*Required work:*
What is needed is an exact repetition of the lines below, from the first one through the one holding "Original reinterpretation of", with no pictures and nothing else.

*Supplied data:*
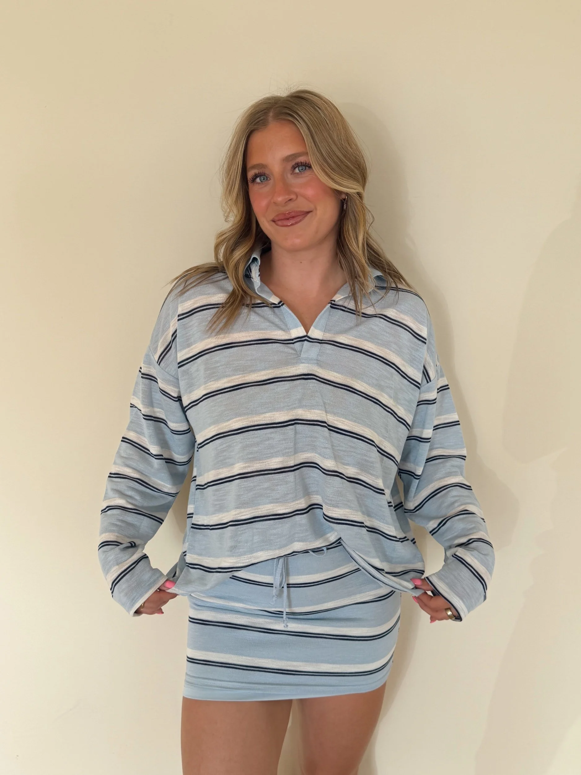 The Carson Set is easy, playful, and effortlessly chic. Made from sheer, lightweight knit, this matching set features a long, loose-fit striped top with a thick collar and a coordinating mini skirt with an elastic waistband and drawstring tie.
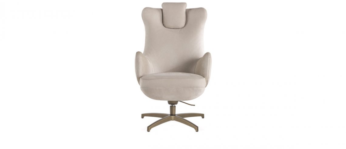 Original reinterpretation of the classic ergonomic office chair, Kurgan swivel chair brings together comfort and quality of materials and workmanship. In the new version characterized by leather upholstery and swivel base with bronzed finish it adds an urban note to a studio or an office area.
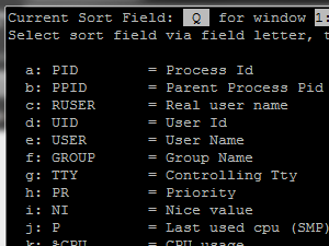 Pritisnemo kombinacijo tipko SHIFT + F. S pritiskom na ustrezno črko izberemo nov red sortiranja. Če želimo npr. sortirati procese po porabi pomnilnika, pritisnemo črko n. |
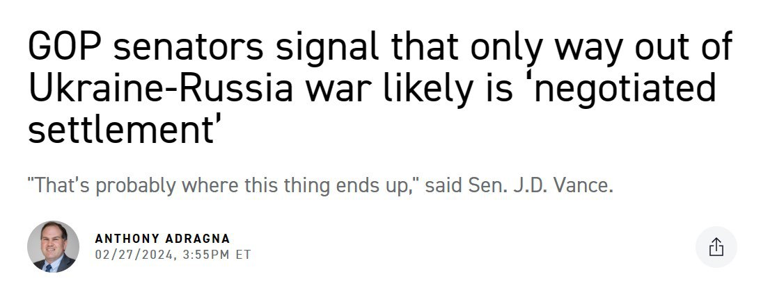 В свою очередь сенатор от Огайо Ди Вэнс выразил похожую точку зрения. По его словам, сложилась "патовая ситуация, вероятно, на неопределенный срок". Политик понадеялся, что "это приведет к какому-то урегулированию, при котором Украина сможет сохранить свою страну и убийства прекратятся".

*Output for this exercise:*
 The Carson Set is easy, playful, and effortlessly chic. Made from sheer, lightweight knit, this matching set features a long, loose-fit striped top with a thick collar and a coordinating mini skirt with an elastic waistband and drawstring tie.
 Original reinterpretation of the classic ergonomic office chair, Kurgan swivel chair brings together comfort and quality of materials and workmanship. In the new version characterized by leather upholstery and swivel base with bronzed finish it adds an urban note to a studio or an office area.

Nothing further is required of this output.